Надо сказать, что все утопические проекты футуристов, во всяком случае, их пафос переустройства культуры и искусства и мира целиком на основе экономных законов геометрии и мысли как породительницы чистых геометрий всех сфер бытия, я никогда не принимал, но понимал как некий эзотерический опыт эстетической эйфории. Точно так же отношусь я и к научным изысканиям Хлебникова, в большинство которых я никогда не вчитывался, хотя, в отличие от футуристов, аппеляция (sic!) к надмирным, высшим, тайным силам, с неким штейнеровским прищуром и дрожью Блаватской, оставляли меня в недоумении, заставляя предполагать род мистификации, но уже выходящей за пределы поэтического образа, т. е. аналогично тому (не буквально, а типологически), как футуристы надели кожанки и взялись за пистолеты.

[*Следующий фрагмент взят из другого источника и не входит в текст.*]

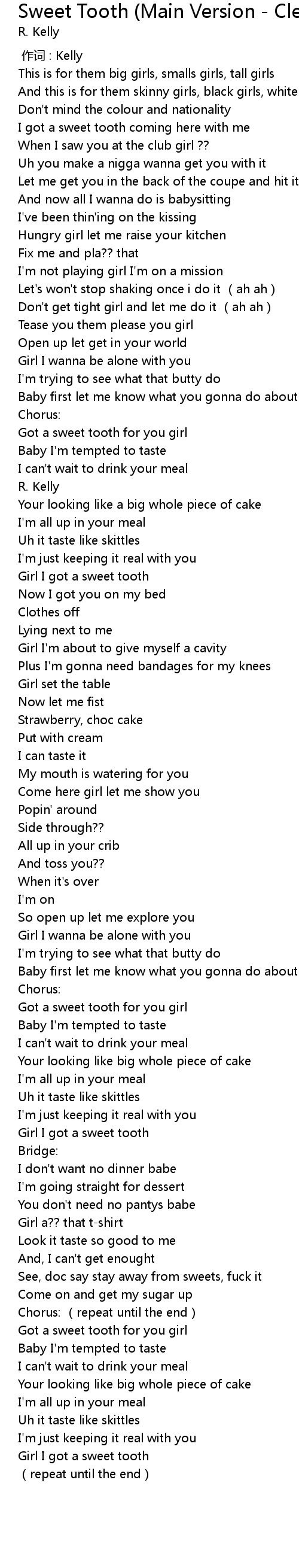 | [00:45.02] | Baby first let me know what you gonna do about this sweet tooth |
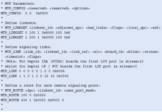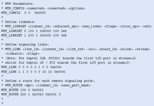 注意,這些不包括任何設(shè)置或定義信令板卡的命令,應(yīng)該象定義標(biāo)準的單系統(tǒng)一樣定義。MTP_ROUTE <up_enable>參數(shù)為ISUP設(shè)置,在上例中用戶部分SI=5。

И, как мне представляется, этот внепоэтический утопизм сыграл существенную роль в том, что Хлебников обрел статус «поэта для поэтов». То есть, в его поэзии отсутствует пласт, который условно, беря в пример «Евгения Онегина», можно назвать «Таня полюбила Женю». То есть, у Хлебникова отсутствует поп-пласт (не словечки, не цитаты, не тропы, а именно пласт поп-сознания с его определенными константами взаимоотношения жизни-искусства, требующий появления самых жизненно-важных идей в кринолинах и фижмах, а не в безжалостной обнаженности). Надо сказать, что высокомерное отношение к этому пласту в поэтическом языке, или просто игнорирование его, весьма плачевно сказывается на поэте и его творчестве, во-первых, отсекая от него громадную часть читающего населения, во-вторых, мешает культуре пластифицировать поэзию, т. е. сделать ее языком жизни, способом языкового мышления, в-третьих, лишает саму поэзию одного из героев драматургического действа <—> самого стиха. (Надо заметить, что, скажем, у Есенина отсутствует, например, пласт высокоумственных красот и духовных прозрений). Но являемый Хлебниковым образ безумца и пророка как бы отрицательным способом несколько компенсирует этот недостаток — «что взять с безумца!»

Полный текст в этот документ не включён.